━━━━━ STORED DATA
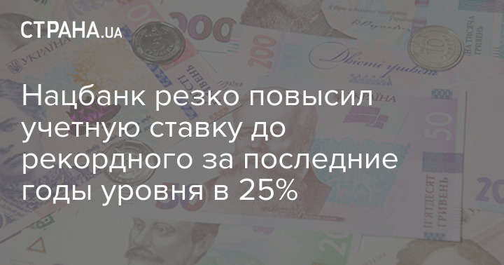 Нацбанк резко повысил учетную ставку до рекордного за последние годы уровня в 25%
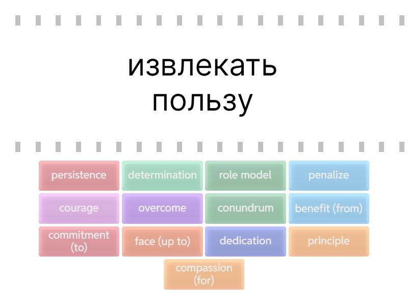 benefit (from) - извлекать пользу, commitment (to) - обязательство, compassion (for) - сострадание к, conundrum - головоломка, courage - смелость, dedication - преданность делу, determination - решимость, face (up to) - столкнуться с (проблемой), overcome - преодолеть, penalize - наказывать, persistence - настойчивость, principle - принцип, role model - образец для подражания,
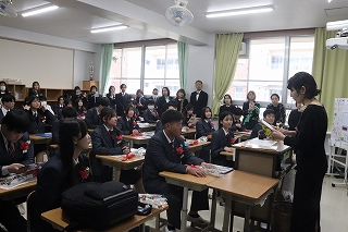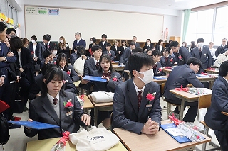 式後に、それぞれのクラス担任が工夫を凝らした最後の学活を行い、思
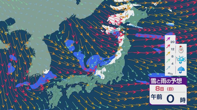 週末は“冬型”で北陸は雷雨の強まりに注意を 金沢の初雪は8日が「候補日」か 雨・雪と風シミュレーション 北陸放送 2024年12月6日(金) 12:36 国内 6日以降の雨や雪、風の予想です。7日(土)は朝鮮半島沿岸から雨雲が発達し北陸などに達する見込みです。 日本海から風が流れ込み、湿った空気がもたらされる状態は8日(日)も続きそうです。 日本海側では雨や雪が降りやすく、山地では雪が降る見込みです。
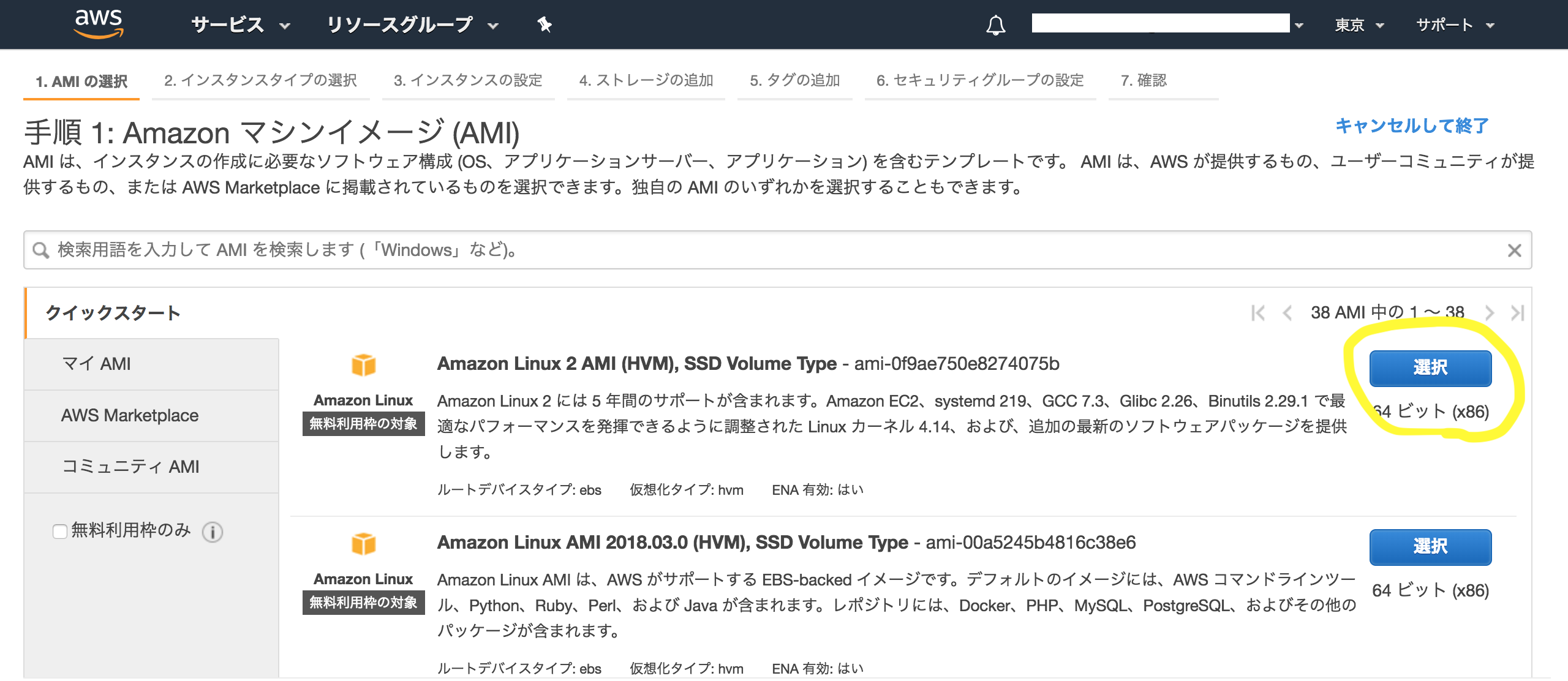 手順1: AMI(仮想マシンの種類)を選択する。今回は、無料枠の範囲内で、一番上のAmazon Linuxを利用する。
━━━━━━━━━━
▸ INSTRUCTIONS FOR THE TASK
Your answer must be the records above, word for word, with every picture left out.

▸ RESPONSE TO THIS EXERCISE
 Нацбанк резко повысил учетную ставку до рекордного за последние годы уровня в 25%
 benefit (from) - извлекать пользу, commitment (to) - обязательство, compassion (for) - сострадание к, conundrum - головоломка, courage - смелость, dedication - преданность делу, determination - решимость, face (up to) - столкнуться с (проблемой), overcome - преодолеть, penalize - наказывать, persistence - настойчивость, principle - принцип, role model - образец для подражания,
 式後に、それぞれのクラス担任が工夫を凝らした最後の学活を行い、思
 週末は“冬型”で北陸は雷雨の強まりに注意を 金沢の初雪は8日が「候補日」か 雨・雪と風シミュレーション 北陸放送 2024年12月6日(金) 12:36 国内 6日以降の雨や雪、風の予想です。7日(土)は朝鮮半島沿岸から雨雲が発達し北陸などに達する見込みです。 日本海から風が流れ込み、湿った空気がもたらされる状態は8日(日)も続きそうです。 日本海側では雨や雪が降りやすく、山地では雪が降る見込みです。
 手順1: AMI(仮想マシンの種類)を選択する。今回は、無料枠の範囲内で、一番上のAmazon Linuxを利用する。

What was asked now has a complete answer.